Is Saturated Fat REALLY at the Heart of Heart Disease? Dr. Gary Huber : Head Medical Ego
Is Saturated Fat REALLY at the Heart of Heart Disease?

Life is a dance, a rhythmic flow of movement that gracefully undulates with give and take. Unless you’ve seen me dance, then it’s more like a manic seizure set to music. But I digress. My point is that sometimes you have to take a step back to look forward, and that’s where our story begins. Let’s review saturated fats relationship with heart disease. Back in the 1950’s we were told to eat corn and sunflower oils as healthy alternatives to saturated fat. As our consumption of polyunsaturated fats rose so did the rate of heart disease. Food companies developed new “non-fat” versions replacing fat with carbohydrates and synthetic chemicals and thus heart disease flourished. The net result was a population scared of saturated fat yet driving themselves to diabetes and heart disease in record numbers by eating an abundance of high glycemic carbohydrates and processed food.

More Good, Less Bad
The term “saturated fat” became synonymous with red meat and eggs. Once again I will take one step back by saying I am about to discuss grass fed organic beef because that is the only red meat any health conscious carnivore would eat, right? Your standard grocery store beef is full of hormones and antibiotics and we’re just not going to go there. Break red meat down into its components and you will find that most of its fat is the healthy oleic acid, the same fat in olive oil that we have been encouraged to eat. Only 35% of the total fat is saturated and that is the very component that helps increase our beneficial HDL. Multiple studies have shown us that an elevated HDL is good for our heart and blood vessels. A low HDL level is the very factor that most reliably predicts those at risk for heart attacks. Saturated fats actually increase the beneficial HDL in our bodies, which in turn have a direct function in removing the harmful LDL. Oh, and by the way, lets not overlook the healthy omega 3 fats that come naturally when you feed cattle grass instead of grain.

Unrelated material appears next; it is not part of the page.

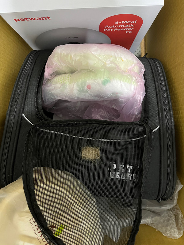 手拉车的款式应该是 PG-1240,7 公斤的猫没问题,背带下方有破损,还是可以背

Enough “Experts” – What Do Population Studies Tell Us?
Cultural studies of Polynesian tribes who consume a diet high in saturated fat show low occurrence of heart disease. The Swiss have higher cholesterol levels than Americans yet suffer fewer heart attacks. A Swedish study looking at obesity in children showed that a LOW fat intake was associated with a higher BMI (body fat) and blamed insulin resistance secondary to high carbohydrate diets. These diets lacked adequate omega 3 fats, vitamin D, and iron. A recent study of low fat diets showed that patients placed on a low (18%) fat diet experienced a 9% reduction in cardiovascular risk while those on a moderate fat (33%) enjoyed a 14% reduction in cardiovascular risk.